An article I found attempts to elevate the random meeting ice-breaker question “what do you do” to a higher level.
The very nature of a better question than that lame, stale one is to rise above finite answers like ” I am a corporate banker in a local savings bank” to which we answer “Oh” and get us to an open-ended answer that shows the promise of additional intelligent conversation.
Like the one I use in the title and everywhere I go. It elicits a “I must think about the answer before I offer it” response. It opens the two (or more) people into an articulate and higher-level conversation to find common ground, more towards the understanding of why each other does what they do.
Neither “who’s your favorite super-hero?”, as the article suggests. Really? Are we 14?
Nor “where did you grow up?” which for some is a litany of military or IBM bases, and is this important?
Both of those will end with the other person uttering “Ok, that’s interesting” which it is certainly not, and then retreating back to safe territory like “what do you do?”
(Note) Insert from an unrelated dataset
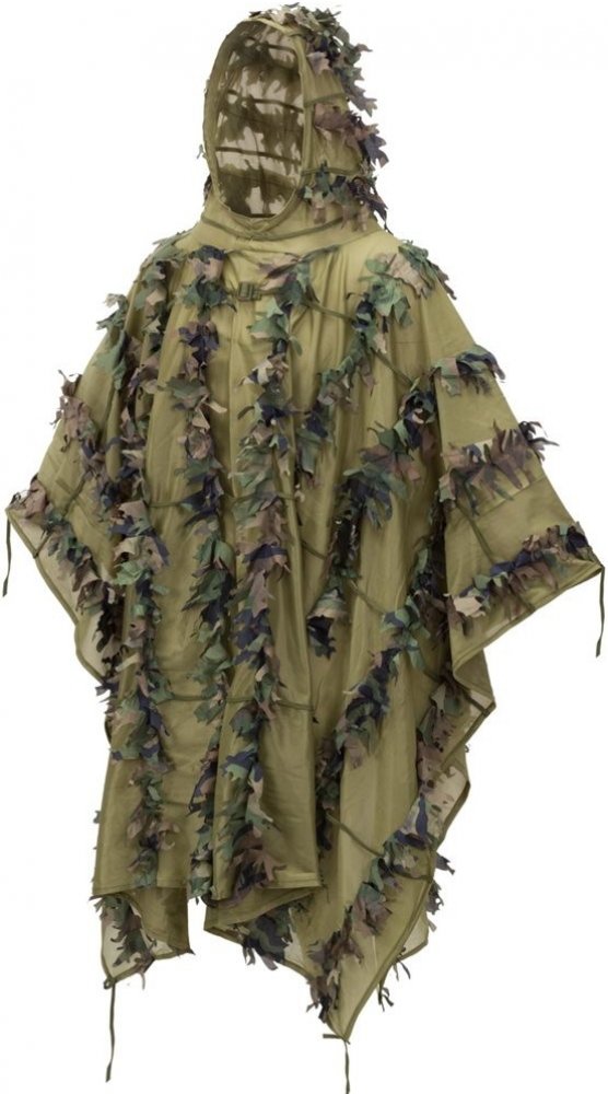Kvalitní maskovací pončo vyrobené z prodyšného polyesteru, který nabízí nízkou hmotnost a vysokou odolnost. Část ponča je pošitá umělým listím v kamufláži US WOODLAND.

I urge you to be challenging and personable as you ask some of the questions (not the two above!) offered in the article. Get to the “why.”
Seek insight and repartee. Ask and answer, and keep asking the next level questions.
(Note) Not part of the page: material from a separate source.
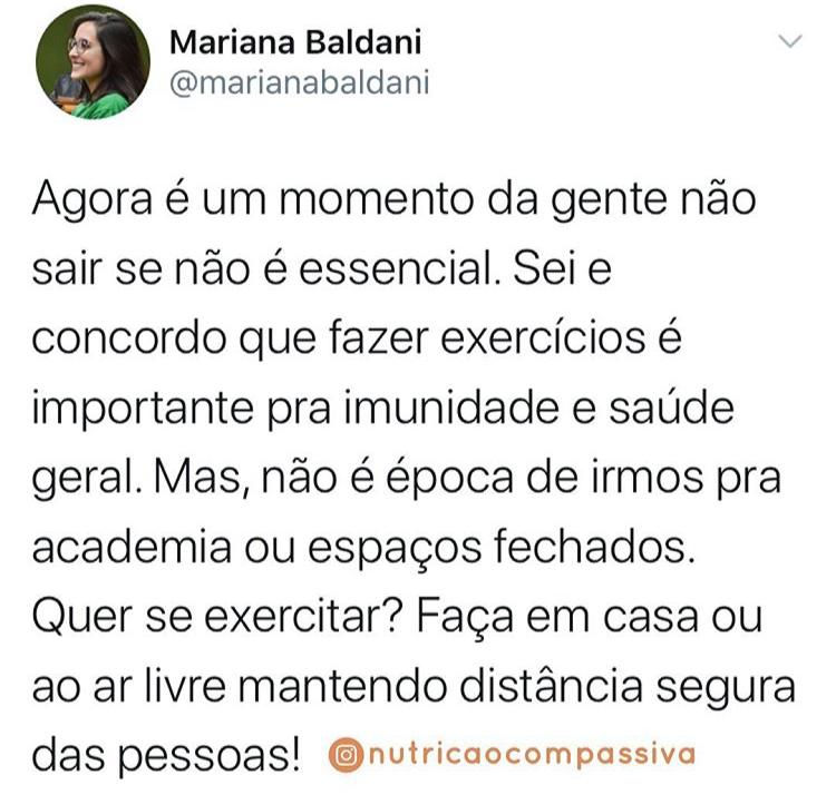 Respeite o distanciamento socialMariana Baldani7 de out. de 20201 min de leituraMarque aqui a amada que insiste em ir pra academia em tempos de alta propagação do coronavírus (ou compartilhe a indireta).

Or politely part company and find someone else more communicative.
Be ready to ask and answer: Why do you do what you do?
Marc W. Halpert
LinkedIn personal coach, group trainer, marketing strategist and overall evangelist, having a great time pursuing my passion of connecting professionals so they can collaborate better!
My dad taught me years ago that the best ice breaker for getting to know someone new was to ask, “How did you get involved in ….. ” it often elicits a response that includes their life story… and who doesn’t want to talk about that topic?